Of course, in practice we wouldn’t deliberately put these NOINLINEs in our code just to make it inefficient. Instead, the inlining or specialization will fail to happen because the function is too big and/or resides in a different module, or for some other reason.
Arities
Arities provide an important perspective on the two-phase computation
issue. The arity of then
is 1: it is just a record
selector. The arity of thenIO
is 3: it takes the two
monadic values and the RealWorld state token.

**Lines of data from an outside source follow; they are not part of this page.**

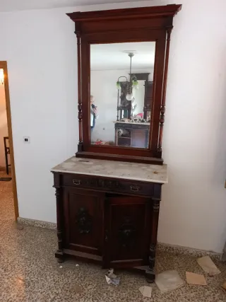 Elegante mueble con detalles en madera y superficie de mármol. - Diseño clásico y funcional. - Combina madera oscura con un toque de mármol claro.
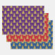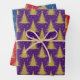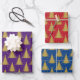 This unique, modern, hand drawn, cute design features Christmas trees in faux yellow gold on purple, red and navy blue backgrounds. This set of wrapping gift paper is an excellent addition to your winter holidays celebration
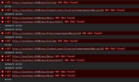 接下來(lái)出現(xiàn)了問(wèn)題:前臺(tái)發(fā)起的請(qǐng)求,只有極少數(shù)能被后臺(tái)接收到,大部分都是404,隨著在瀏覽器中的點(diǎn)擊,控制臺(tái)不斷的出現(xiàn)404。

Arities influence what happens at runtime, as can be seen from the
STG reduction rules. Because thenIO
has arity 3, a partial
application is created for
thenIO ret_thunk poll_poll_thunk
. Let’s change the arity of
thenIO
to 2, so that no PAPs get created:
thenIO = FUN(m k ->
case m realWorld of {
(# new_s, result #) -> k
}
);
(this is similar to how unsafePerformIO
works). Now we
no longer have PAPs, but our heap is filled with the same exact number
of BLACKHOLEs.
More importantly, arities also influence what happens during compile
time: what shape the generated STG code has. Because then
has arity 1, ghc decides to create a chain of then
s before
passing the RealWorld token. Let’s change (“eta-expand”) the
poll
code as if then
had arity 4,
without actually changing then
or thenIO
or
their runtime arities:
# added a dummy argument s
poll = FUN(monad s ->
let {
ret_thunk = THUNK(return monad unit);
poll_poll_thunk = THUNK(poll monad);
}
in then monad ret_thunk poll_poll_thunk s
);
# no change in then or thenIO
then = FUN(monad ->
case monad of {
Monad return then -> then
}
);
thenIO = FUN(m k s ->
case m s of {
(# new_s, result #) -> k new_s
}
);
This code now runs in constant memory!
Therefore, what inlining/specialization does is that it lets the
compiler to see the true arity of a function such as
then
. (Of course, it would also allow the compiler to
replace then
with thenIO
.)
Conclusions
Let me tell you how you can avoid any such space leaks in your code by following a simple rule:
I don’t know.
In some cases, -fno-full-laziness
or -fno-state-hack
help. In this case, they don’t.
In 2012, I wrote why reasoning about space usage in Haskell is hard. I don’t think anything has changed since then. It is a hard problem to solve. I filed a ghc bug #13080 just in case the ghc developers might figure out a way how to address this particular issue.
Most of the time everything works great, but once in a while you stumble upon something like this. Such is life.
Thanks to Reid Barton for pointing out that my original theory regarding this leak was incomplete at best.